■ What the task requires: In the answer, transcribe exactly the lines from the beginning of the material through the line holding "925 Sterling Silver", and skip every picture.

■ Data segment:
===============

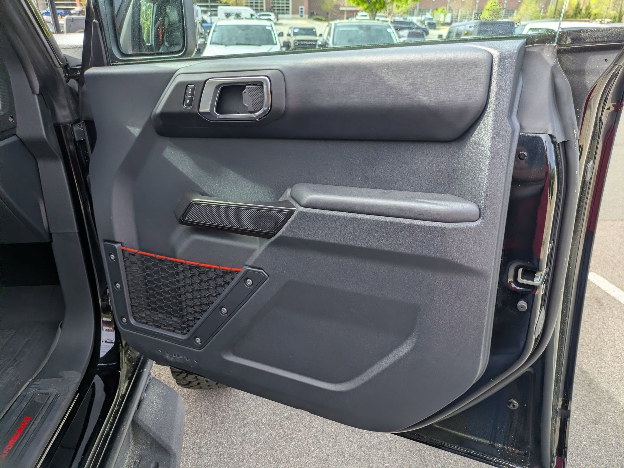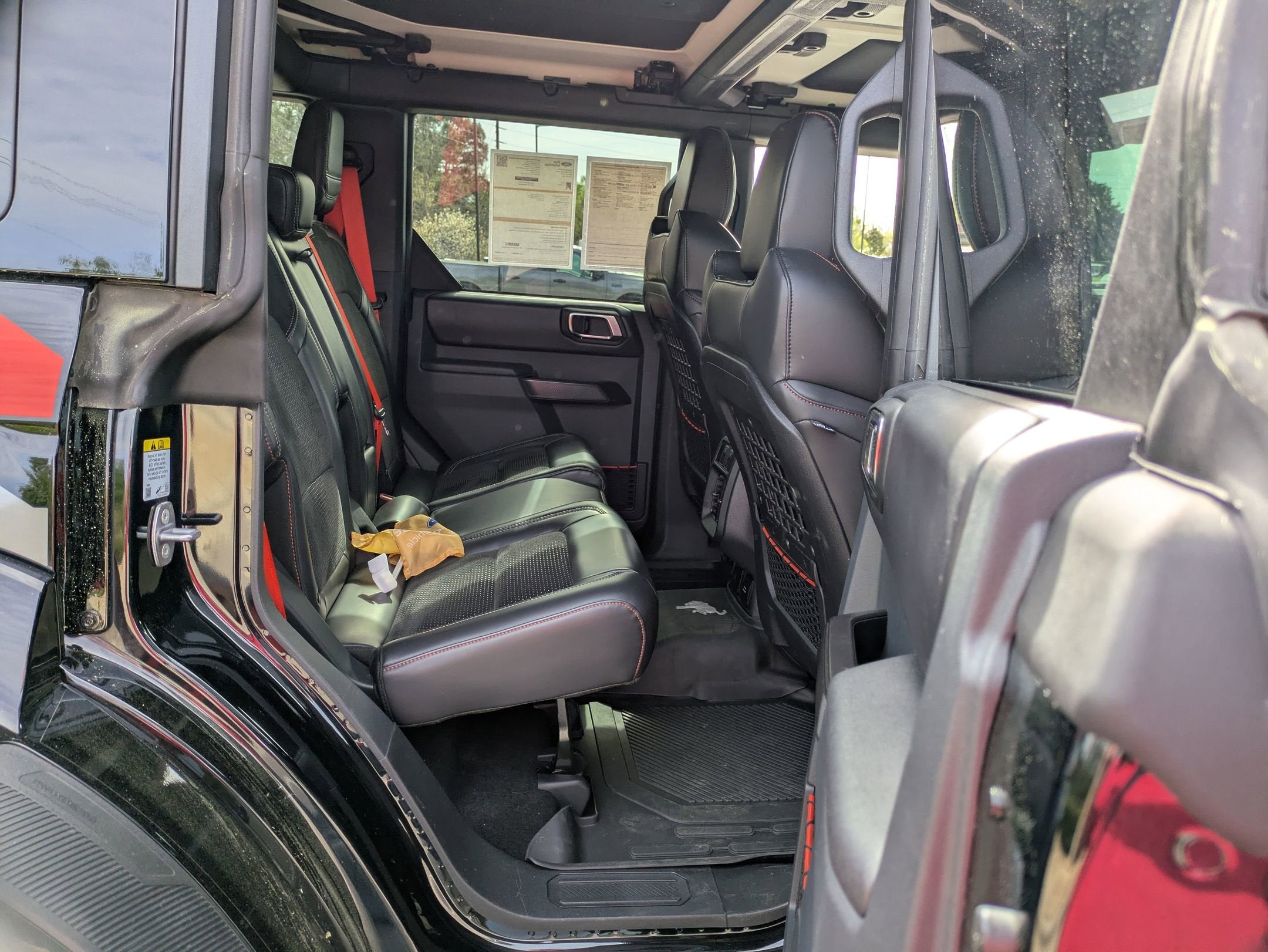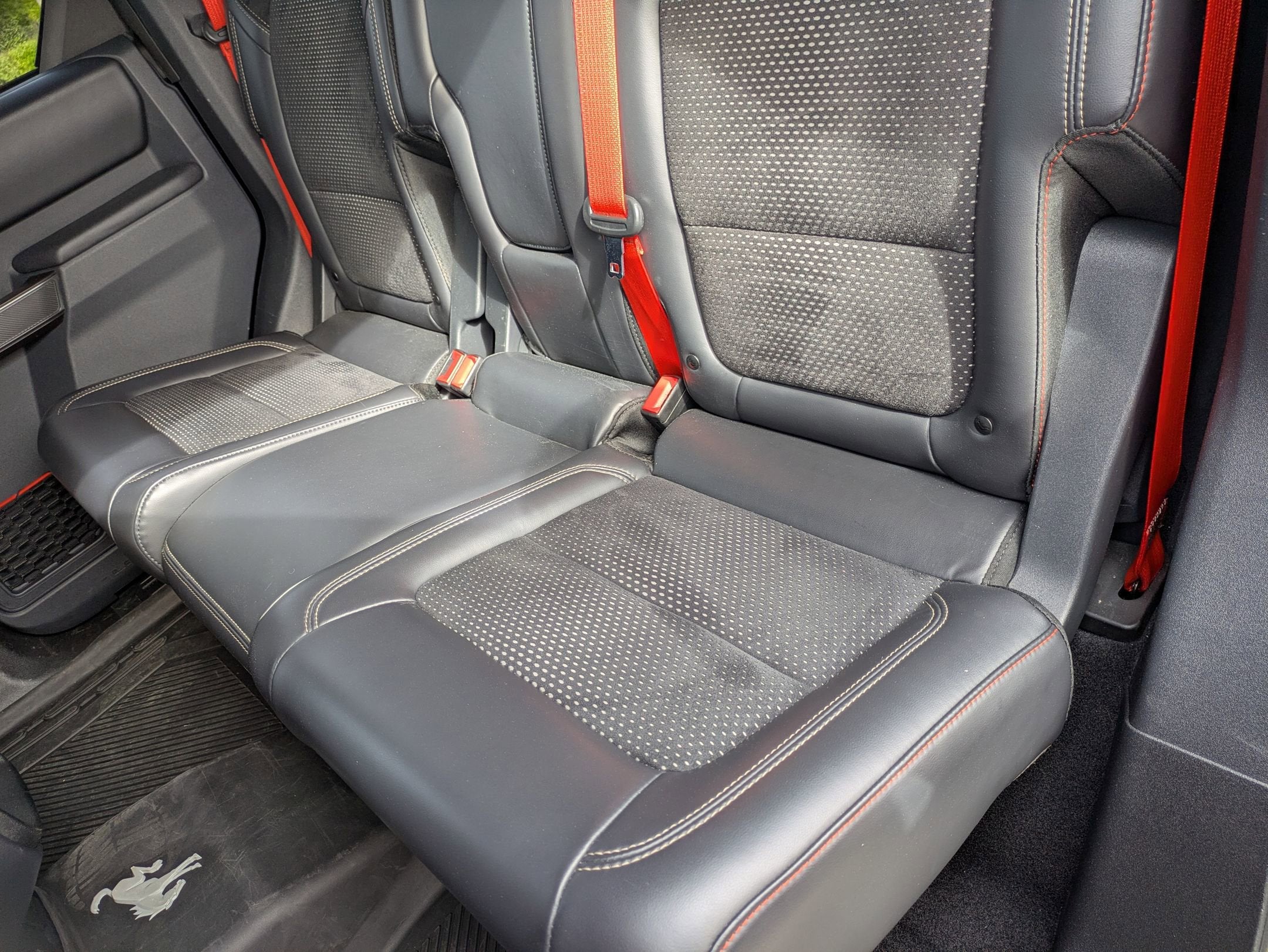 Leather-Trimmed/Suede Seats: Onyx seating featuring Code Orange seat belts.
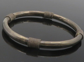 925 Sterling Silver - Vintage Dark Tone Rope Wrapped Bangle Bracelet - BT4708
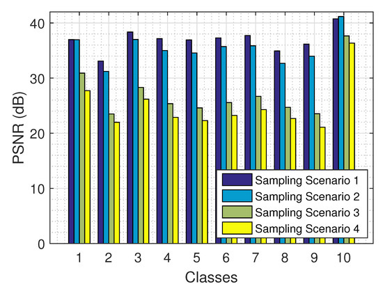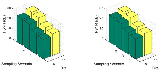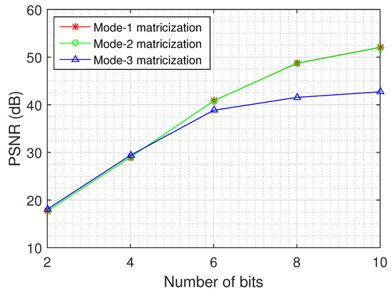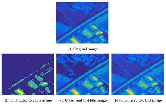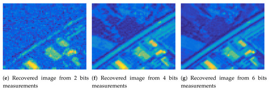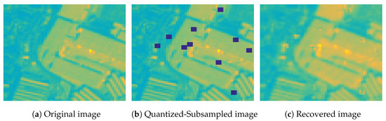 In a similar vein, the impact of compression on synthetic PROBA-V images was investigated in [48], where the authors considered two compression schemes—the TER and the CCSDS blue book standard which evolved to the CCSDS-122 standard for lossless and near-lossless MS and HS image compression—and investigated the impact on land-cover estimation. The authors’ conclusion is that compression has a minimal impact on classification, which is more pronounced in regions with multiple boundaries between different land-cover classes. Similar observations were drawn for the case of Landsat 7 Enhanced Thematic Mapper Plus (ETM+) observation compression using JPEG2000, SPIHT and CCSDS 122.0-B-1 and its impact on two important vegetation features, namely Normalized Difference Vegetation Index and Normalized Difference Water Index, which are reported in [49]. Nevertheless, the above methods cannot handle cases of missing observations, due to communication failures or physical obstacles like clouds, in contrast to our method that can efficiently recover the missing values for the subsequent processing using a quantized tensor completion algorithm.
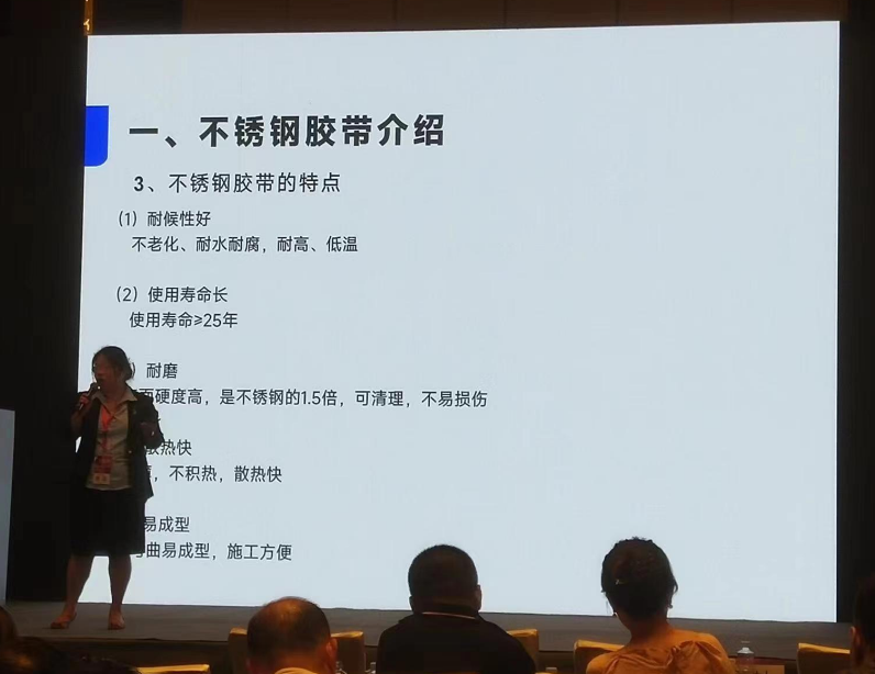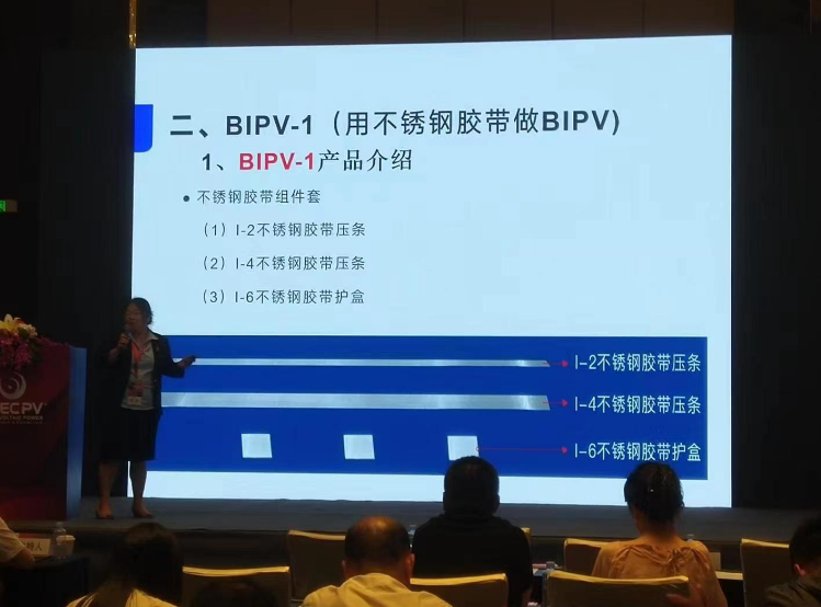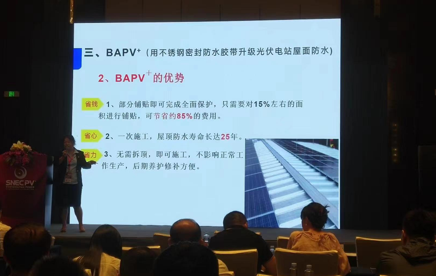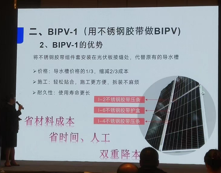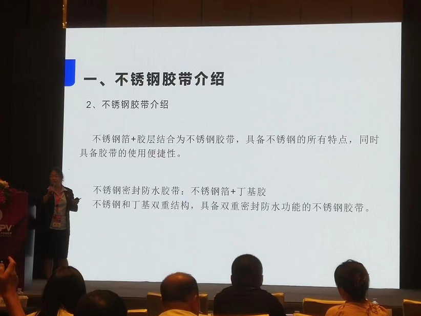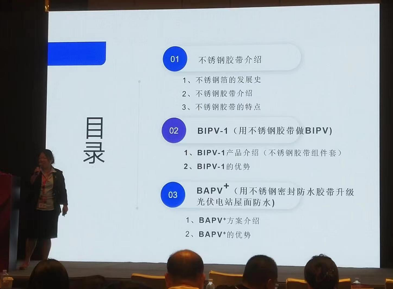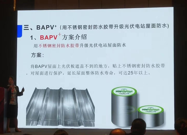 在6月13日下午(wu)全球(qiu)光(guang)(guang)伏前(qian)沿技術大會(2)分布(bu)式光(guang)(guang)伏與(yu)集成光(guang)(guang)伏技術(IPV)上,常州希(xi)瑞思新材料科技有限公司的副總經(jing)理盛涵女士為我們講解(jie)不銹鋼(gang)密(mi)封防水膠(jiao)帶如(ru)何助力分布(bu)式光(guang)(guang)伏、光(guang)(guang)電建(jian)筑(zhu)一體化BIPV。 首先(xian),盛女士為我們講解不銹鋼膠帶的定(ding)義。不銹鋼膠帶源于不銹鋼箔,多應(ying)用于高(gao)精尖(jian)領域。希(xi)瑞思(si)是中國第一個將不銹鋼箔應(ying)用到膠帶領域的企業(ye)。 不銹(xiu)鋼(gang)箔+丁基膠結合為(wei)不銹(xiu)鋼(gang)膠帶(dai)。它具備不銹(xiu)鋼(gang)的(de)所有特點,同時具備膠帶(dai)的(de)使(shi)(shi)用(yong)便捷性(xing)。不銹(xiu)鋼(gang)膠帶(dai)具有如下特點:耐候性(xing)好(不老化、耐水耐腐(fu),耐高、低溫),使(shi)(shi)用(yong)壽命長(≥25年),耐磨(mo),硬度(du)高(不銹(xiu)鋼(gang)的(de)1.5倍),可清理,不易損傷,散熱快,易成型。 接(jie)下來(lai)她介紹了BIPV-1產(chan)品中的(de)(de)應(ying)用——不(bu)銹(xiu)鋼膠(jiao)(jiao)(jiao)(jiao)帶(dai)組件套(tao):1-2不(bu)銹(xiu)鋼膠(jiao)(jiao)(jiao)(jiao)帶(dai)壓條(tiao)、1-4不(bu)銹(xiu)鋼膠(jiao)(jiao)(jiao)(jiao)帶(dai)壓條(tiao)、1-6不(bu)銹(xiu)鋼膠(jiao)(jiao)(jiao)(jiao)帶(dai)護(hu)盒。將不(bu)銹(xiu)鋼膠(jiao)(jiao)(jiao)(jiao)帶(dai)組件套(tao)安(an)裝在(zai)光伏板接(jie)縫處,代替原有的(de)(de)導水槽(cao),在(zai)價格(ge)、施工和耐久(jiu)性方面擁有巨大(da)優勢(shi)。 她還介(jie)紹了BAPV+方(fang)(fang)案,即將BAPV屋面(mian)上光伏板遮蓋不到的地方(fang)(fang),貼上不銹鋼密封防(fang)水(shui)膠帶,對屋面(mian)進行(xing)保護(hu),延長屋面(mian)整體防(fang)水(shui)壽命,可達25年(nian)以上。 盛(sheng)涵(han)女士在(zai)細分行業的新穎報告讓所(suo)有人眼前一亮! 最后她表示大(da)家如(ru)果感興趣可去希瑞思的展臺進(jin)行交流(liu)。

===============

■ Your solution:
 Leather-Trimmed/Suede Seats: Onyx seating featuring Code Orange seat belts.
 925 Sterling Silver - Vintage Dark Tone Rope Wrapped Bangle Bracelet - BT4708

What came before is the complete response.